As a kind of prequel to that show, we will delve into the immigration scenario that led the federal government to open Ellis Island, including controversies at its predecessor, Castle Garden on lower Manhattan in New York City. The country’s first official immigration center, Castle Garden was operated by New York officials.
We also will explore the Chinese Exclusion Act of 1882, which Harrison opposed as a U.S. senator from Indiana. The Chinese Exclusion Act, which suspended the immigration of skilled and unskilled Chinese laborers, passed without Harrison’s support. According to Nelson’s guest, Harrison was labeled the “pro-Chinese candidate" of the Republican Party in his presidential campaign of 1888.
Jennifer Capps, the veteran curator at the Benjamin Harrison Presidential Site in Indianapolis, also will share some insights about Angel Island, a center of the West Coast where immigrants were detained and interrogated. Angel Island opened in 1910, nine years after Harrison’s death. In addition to receiving immigrants from Asian countries, Angel Island also was an entry point to America for Canadians, Mexicans, Central and South Americans and Australians.

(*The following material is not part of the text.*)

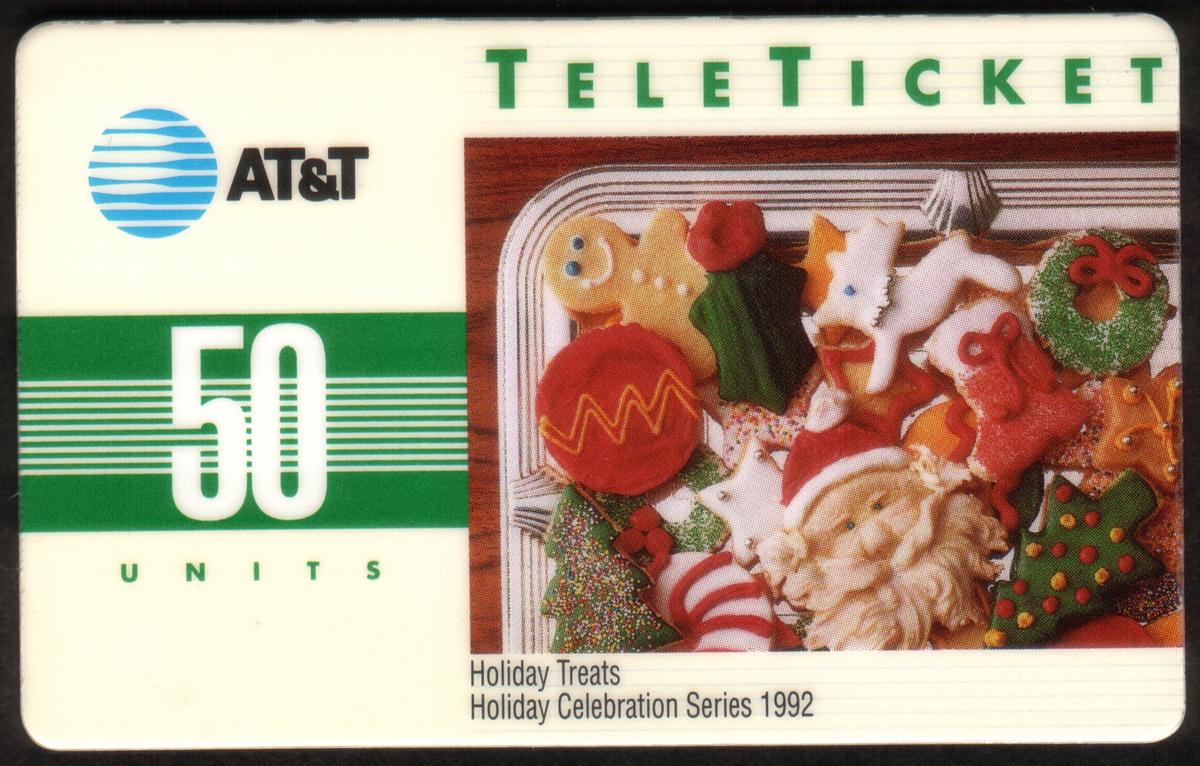 This collectible AT&T Teleticket phone card features a festive design centered on Christmas holiday treats presented in Spanish. The card highlights various traditional Christmas foods and sweets commonly enjoyed during the holiday season. The text on the card includes "Holiday Christmas Treats" in Spanish and specifies "gr3 50u 1992," which references the card's value and year of issue.

As Jennifer will explain during our show, major fires at the processing centers, including infernos at Ellis Island in 1897 and at Angel Island in 1940, destroyed the records of thousands of immigrants. The fire at Ellis Island also resulted in the loss of records of many immigrants who had entered previously at Castle Garden.

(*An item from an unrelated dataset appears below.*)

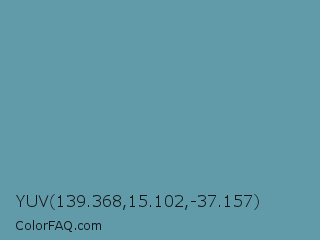 YUV 139.368,15.102,-37.157 Color is a normal cyan color and the nearest color is Hippie Blue #589aaf. Hex code #619baa and RGB value is rgb(97,155,170). In RGB color space, this color is composed of 38% red, 61% green, 67% blue, In CMYK color space, this color is composed of 43% cyan, 9% magenta, 0% yellow , 33% black , In HSL color space, this color has a hue angle of 192° , 30% saturation and 52% lightness.
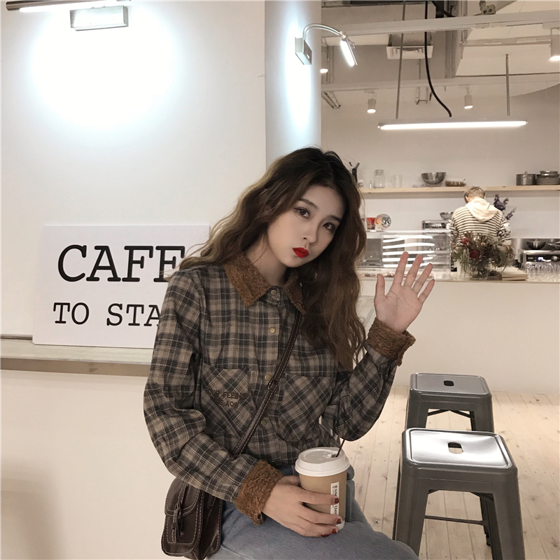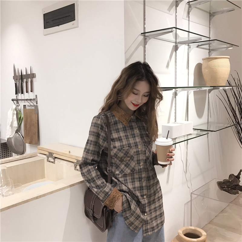 / 秋季女裝韓版復古chic毛絨拼接字母刺繡襯衣學生格子休閑襯衫上衣

Earlier this month, a naturalization ceremony for new American citizens was held at the Benjamin Harrison Presidential Site, along with the dedication of a new, outdoor Citizenship Plaza on the lawn south of the restored home of Harrison and his wife, Caroline Scott Harrison. The plaza’s features include a Book of History that will list the new Hoosiers who became citizens at the site, where a naturalization ceremony is an annual event in July.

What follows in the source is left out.